Bayes Theorem has nothing to do with this problem.
The easiest way to solve this problem is this. What is the probability of drawing 3 cards of different ranks.? This is a problem in conditional probabilities.
You have a deck of cards consisting of 52 cards, with 4 suits, each containing 13 cards, and 13 ranks, each containing 4 cards.
You draw one card at random from the deck. What is the probability that it has a rank? Obviously 1.
You draw a second card at random from the deck. What is the probability that it is of a rank different from the first card? There are 51 ways to draw a second card, but only 48 ways to draw a card of a different rank. So the probability of drawing a second card of a different rank is 48/51.

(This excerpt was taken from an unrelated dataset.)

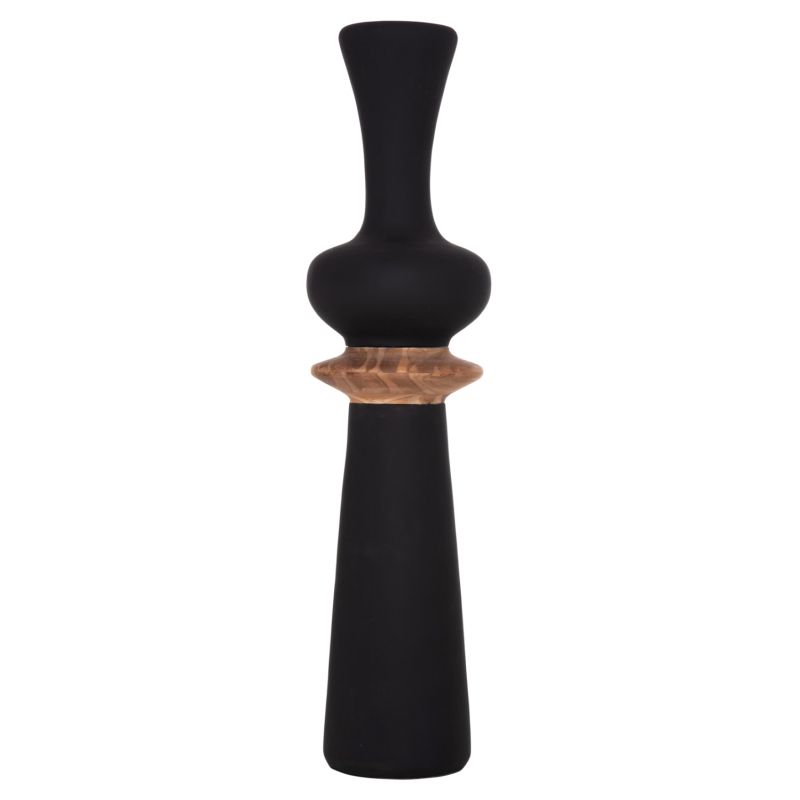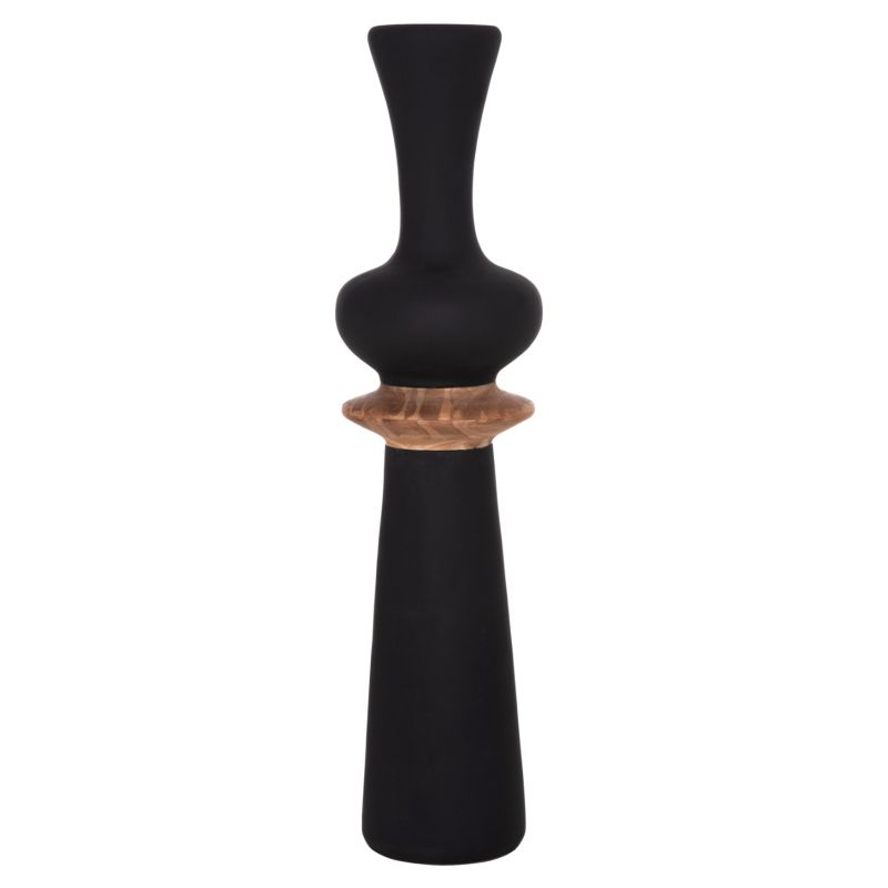 DECORATIVE FLOOR VASE NEBULA HM4660.01L FIBER CEMENT IN BLACK--TEAK WOOD Φ45x172Hcm.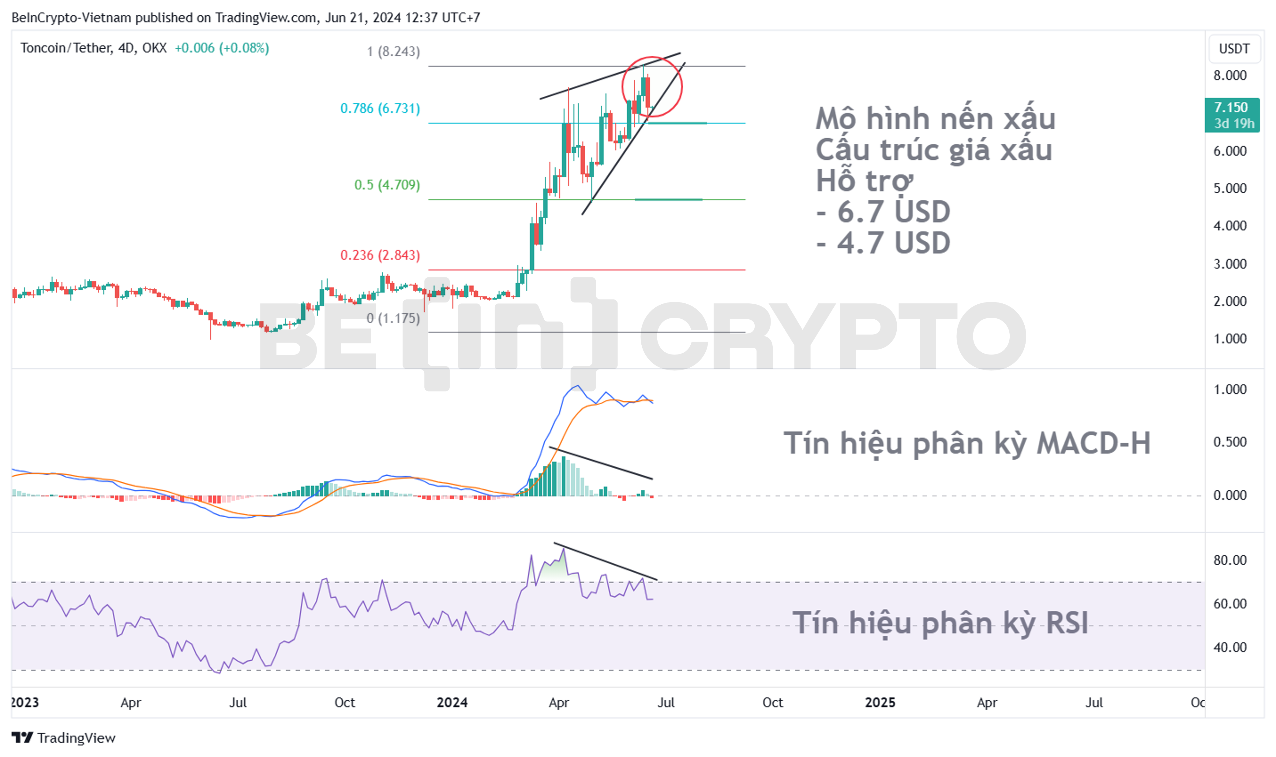 - Về cấu trúc giá, TON khung 4D (như hình trên) đang thể hiện cấu trúc nến xấu, có khả năng là mô hình nến nhấn chìm giảm dự báo những ngày sắp tới giá sẽ giảm. Thêm nữa, mô hình nêm tăng đang rõ ràng hơn và nửa cuối tháng 6 là giai đoạn giá TON về cuối mô hình sắp khẳng định sự điều chỉnh.

You draw a third card at random from the deck. What is the probability that it is of a rank different from the ranks of both the first and second cards drawn. There are 50 ways to draw a third card, but only 44 ways to draw a card of a third rank. So that probability is 44/50.
Thus the probability of drawing three cards, all of different rank, is
[MATH]1 * \dfrac{48}{51} * \dfrac{44}{50} = \dfrac{16}{17} * \dfrac{22}{25} = \dfrac{352}{425}[/MATH]
The probability of drawing 2 or 3 cards of the same rank is
[MATH]1 - \dfrac{352}{425} = \dfrac{73}{425} \approx 17.17647\%.[/MATH]
You can get there another way. How many ways can you pick three cards from fifty-two (ignoring the order in which they are drawn)?
[MATH]\dbinom{52}{3} = \dfrac{52 * 51 * 50}{ 3 * 2} = 22100.[/MATH]
How many ways can you draw 2 cards from 4 of the same rank, say the ace? Just 6. They could be spades-hearts, spades-diamonds, spade clubs, hearts-diamonds, heart-clubs, or diamonds-clubs. How many ways can you draw 1 card from the 48 cards of different rank? 48 obviously. So the number of ways to pick 3 cards with 2 aces is 6 * 48 = 288.
So the probability of drawing exactly two aces is 288/22100.
What is the probability of drawing 3 aces? By similar logic, we get 4/22100.
So the probability of drawing two or three aces is
[MATH]\dfrac{4}{22100} + \dfrac{288}{22100} = \dfrac{292}{22100} = \dfrac{4 * 73}{4 * 5525} = \dfrac{73}{5525}.[/MATH]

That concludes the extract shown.